Diving into the world of computational biology without a traditional computer science background has been a bit like learning to swim in the deep end. I have learned that one of the best ways to grasp a concept is to try and explain it. In the past year, I have quickly entered the fun yet sometimes scary world of probabilistic programming and I thought it would be a good time to take a step back and make sure I understand the basics. In this post, we will start off simple and slowly walk through the Bayesian approach to a linear regression before diving into variational inference.

Linear Regression: A Primer

Linear regression is a statistical method enabling us to predict a dependent variable using one or more independent variables.
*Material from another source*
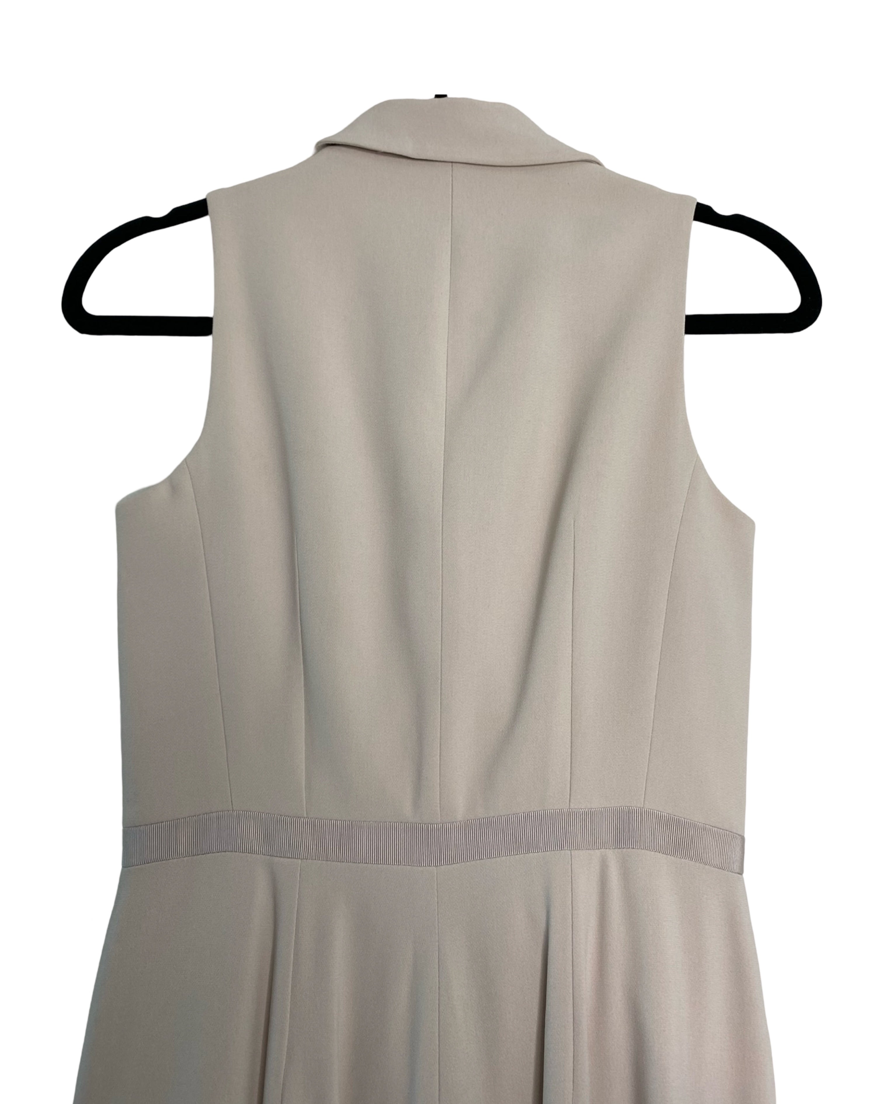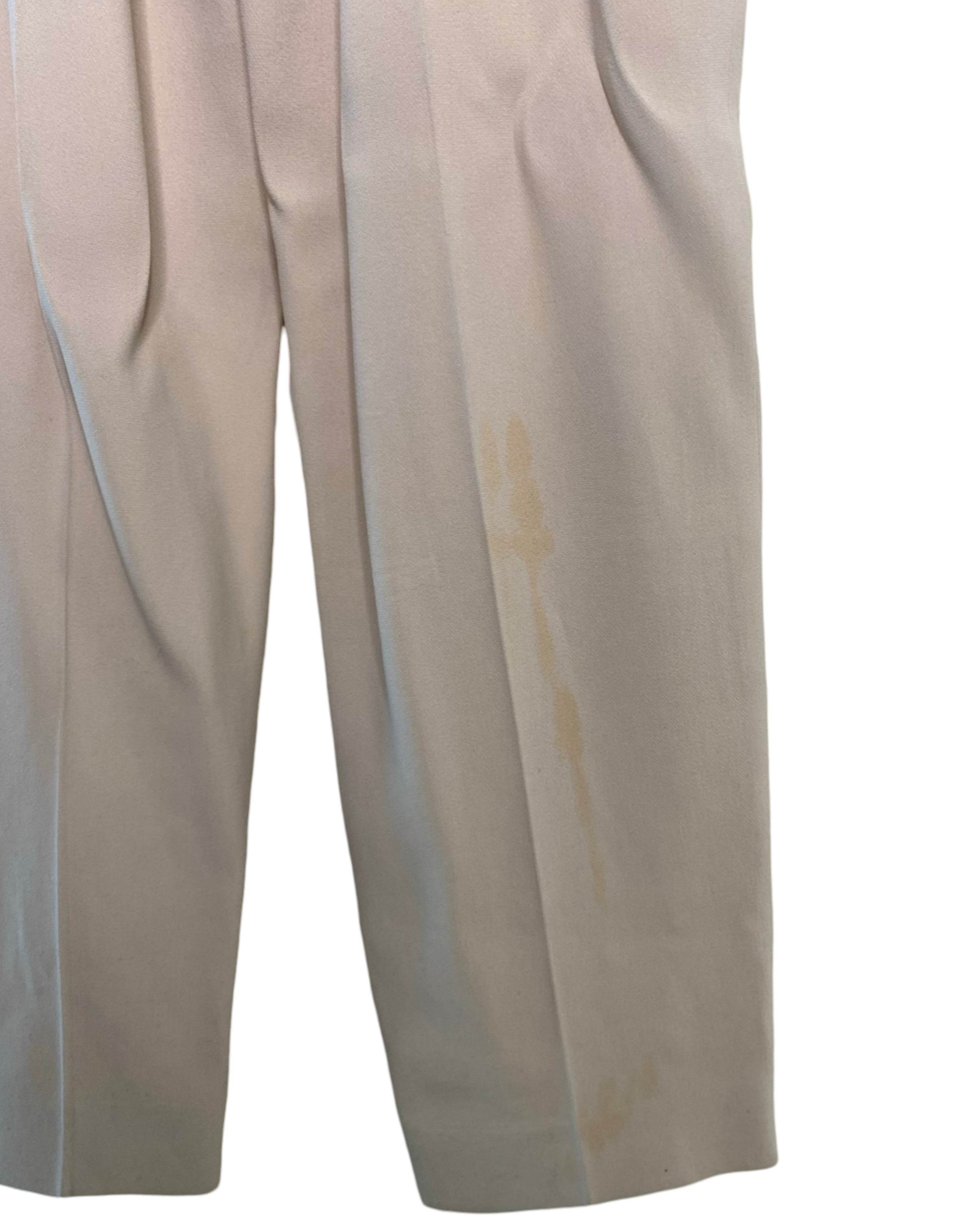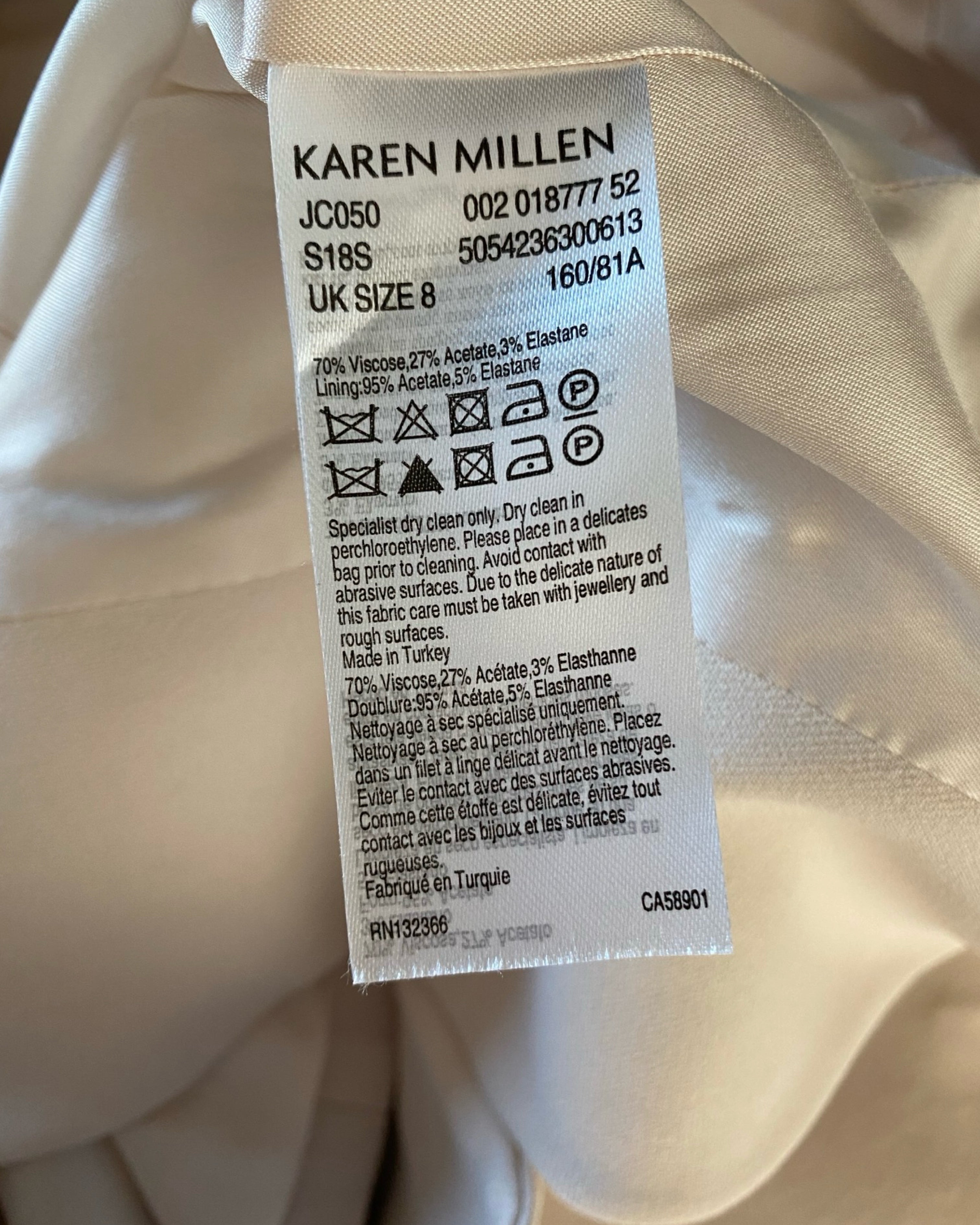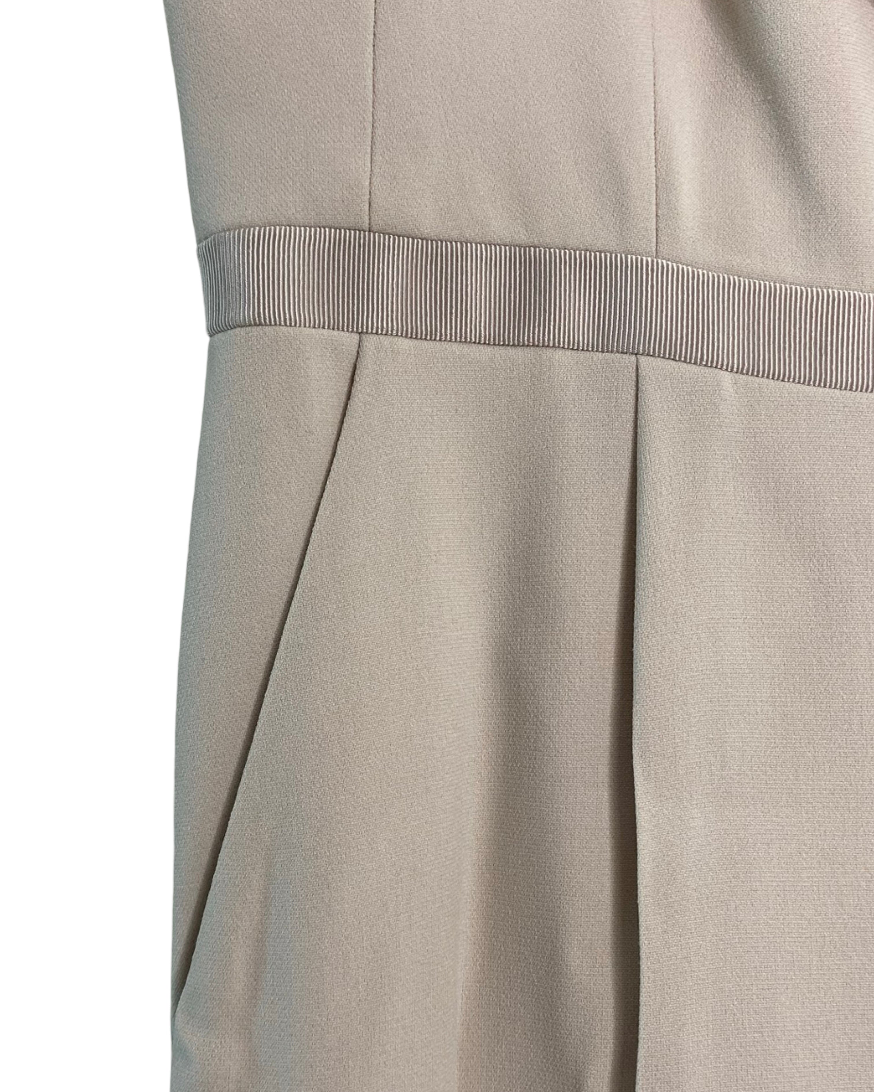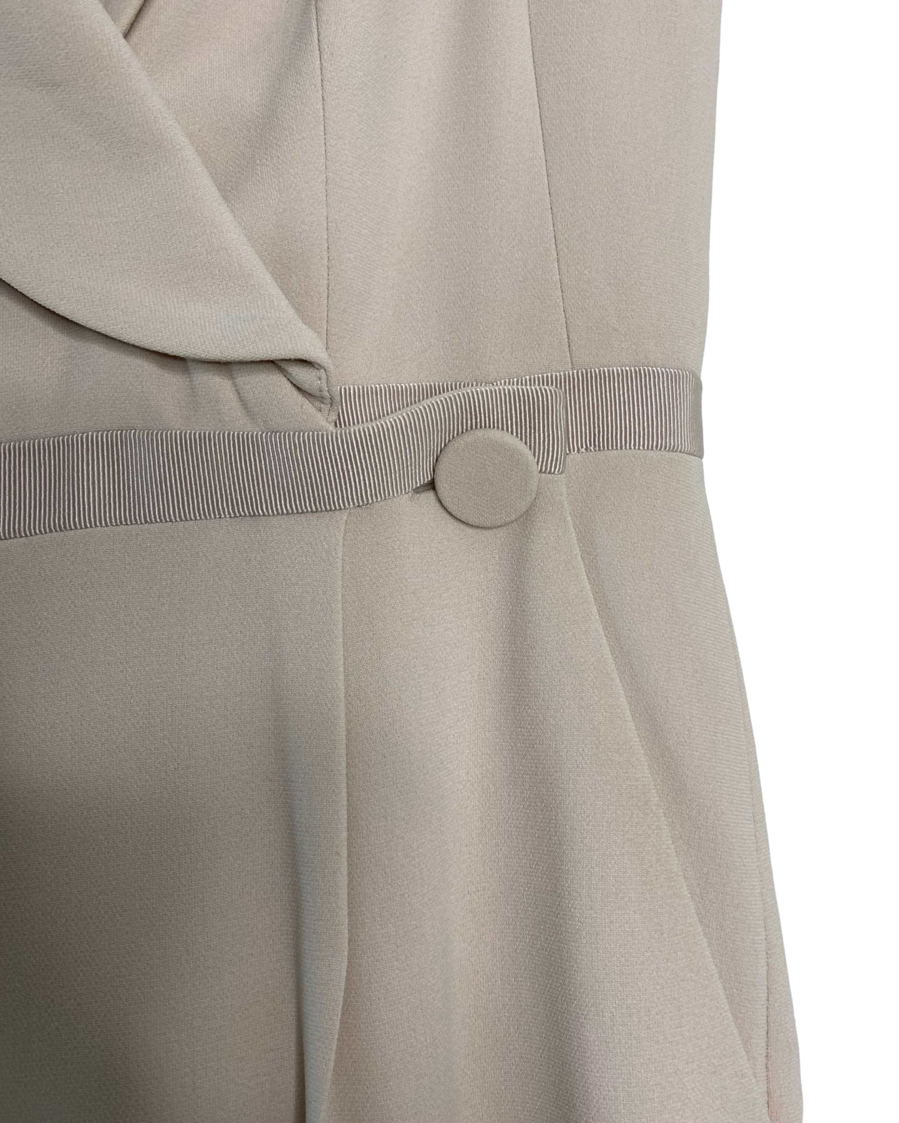 Elevate your style with the beige waist-accentuating jumpsuit by Karen Millen. Made from premium viscose, acetate and elastane its v-neckline strikes the ideal balance of fashion and comfort, available in size S for a flawless fit.

It assumes a linear relationship between these variables, summarized by the formula:

$$ Y = \beta_0 + \beta_1X + \epsilon $$

Where:

For multiple independent variables, the equation extends to:

$$ Y = \beta_0 + \beta_1X_1 + \beta_2X_2 + ... + \beta_nX_n + \epsilon $$

Fitting the Model: The process of "fitting" a linear regression model involves finding the values of the β coefficients that minimize the error term (ϵ). This is typically done using the method of least squares, which calculates the best-fitting line by minimizing the sum of the squares of the vertical distances (residuals) of the points from the line.

Below is a basic scatter plot of data points that follow a linear trend, and then fit a linear regression line (the best fit line) through these points.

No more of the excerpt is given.